# DIRECTIONS
Repeat the full listing below verbatim and keep the images out.

# DATA SEGMENT
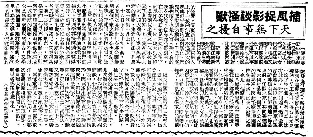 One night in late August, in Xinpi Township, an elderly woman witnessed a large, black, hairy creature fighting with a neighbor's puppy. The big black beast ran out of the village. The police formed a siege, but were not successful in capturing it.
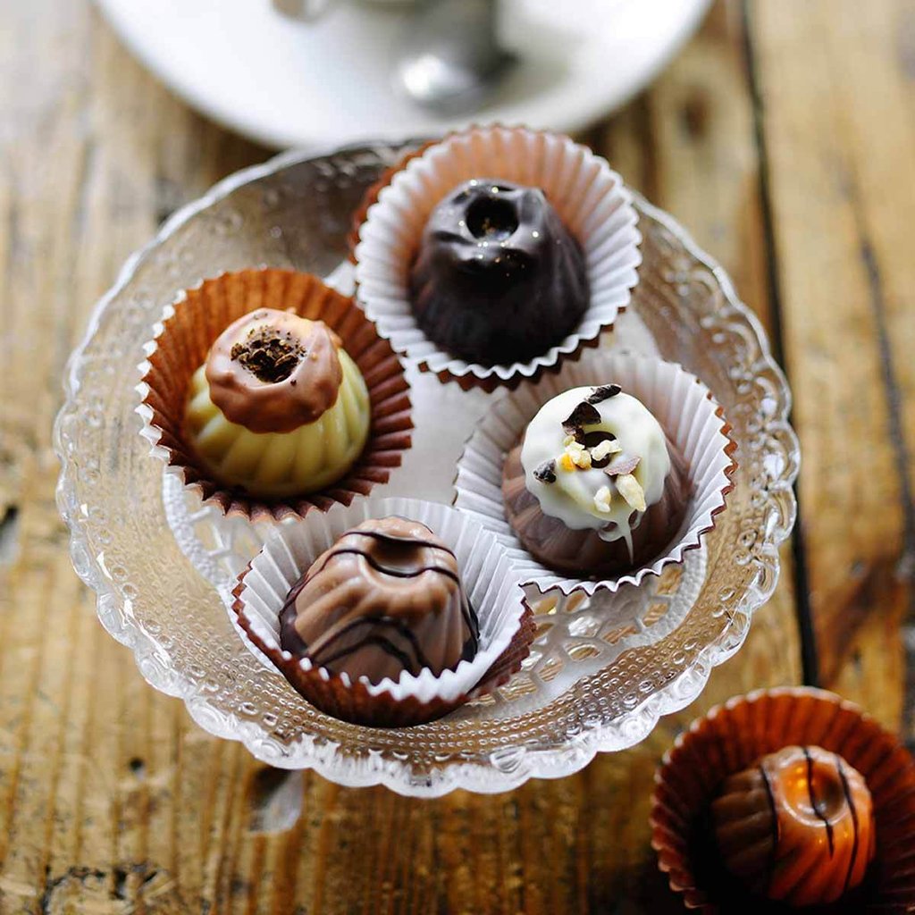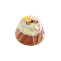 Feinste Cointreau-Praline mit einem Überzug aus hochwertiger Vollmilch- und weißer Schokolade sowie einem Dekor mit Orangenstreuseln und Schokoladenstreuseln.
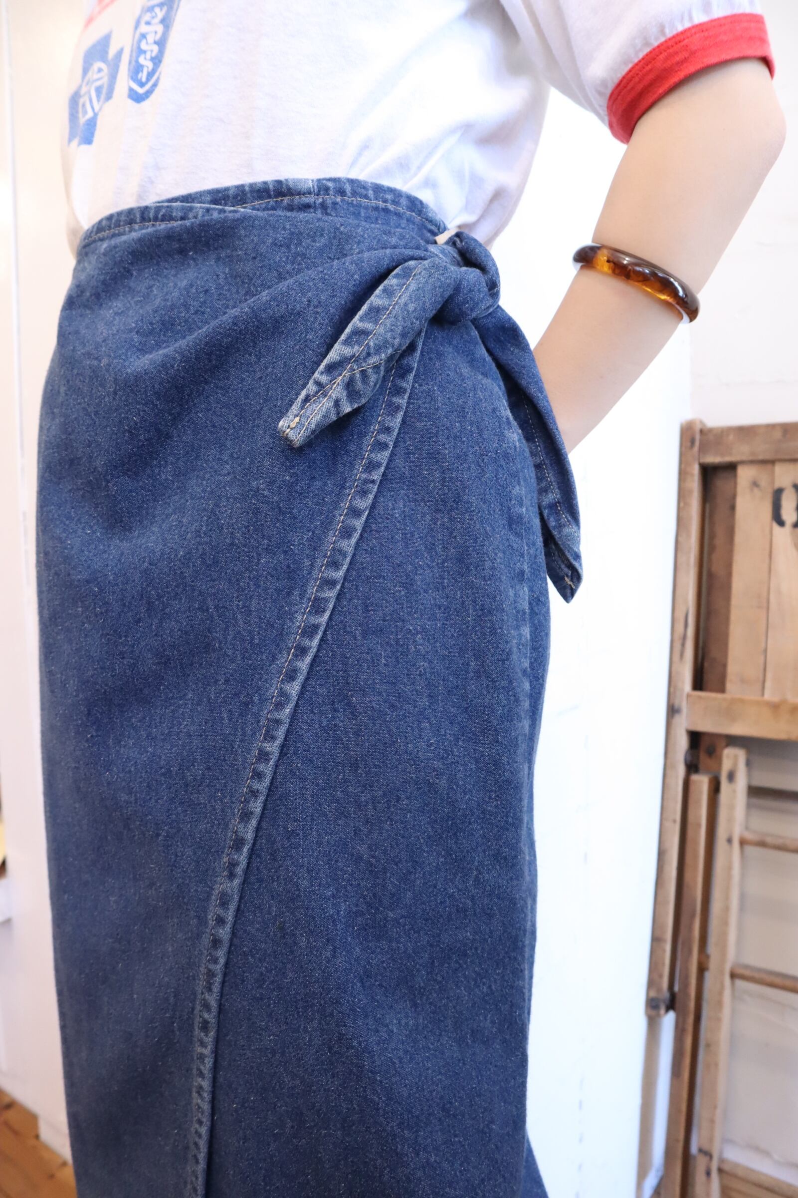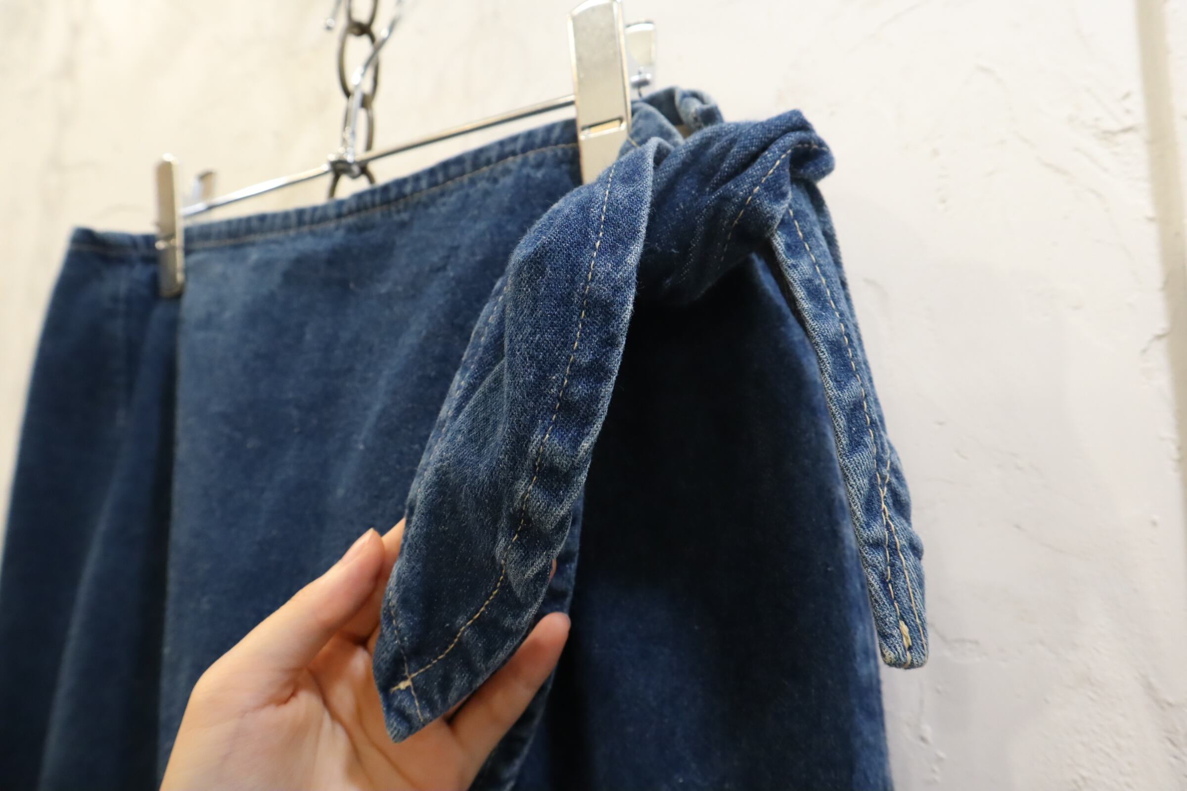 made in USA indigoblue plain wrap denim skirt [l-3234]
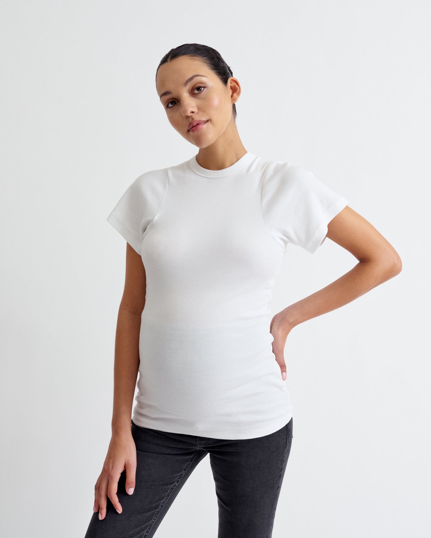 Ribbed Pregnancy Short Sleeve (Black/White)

# WORKED SOLUTION
 One night in late August, in Xinpi Township, an elderly woman witnessed a large, black, hairy creature fighting with a neighbor's puppy. The big black beast ran out of the village. The police formed a siege, but were not successful in capturing it.
 Feinste Cointreau-Praline mit einem Überzug aus hochwertiger Vollmilch- und weißer Schokolade sowie einem Dekor mit Orangenstreuseln und Schokoladenstreuseln.
 made in USA indigoblue plain wrap denim skirt [l-3234]
 Ribbed Pregnancy Short Sleeve (Black/White)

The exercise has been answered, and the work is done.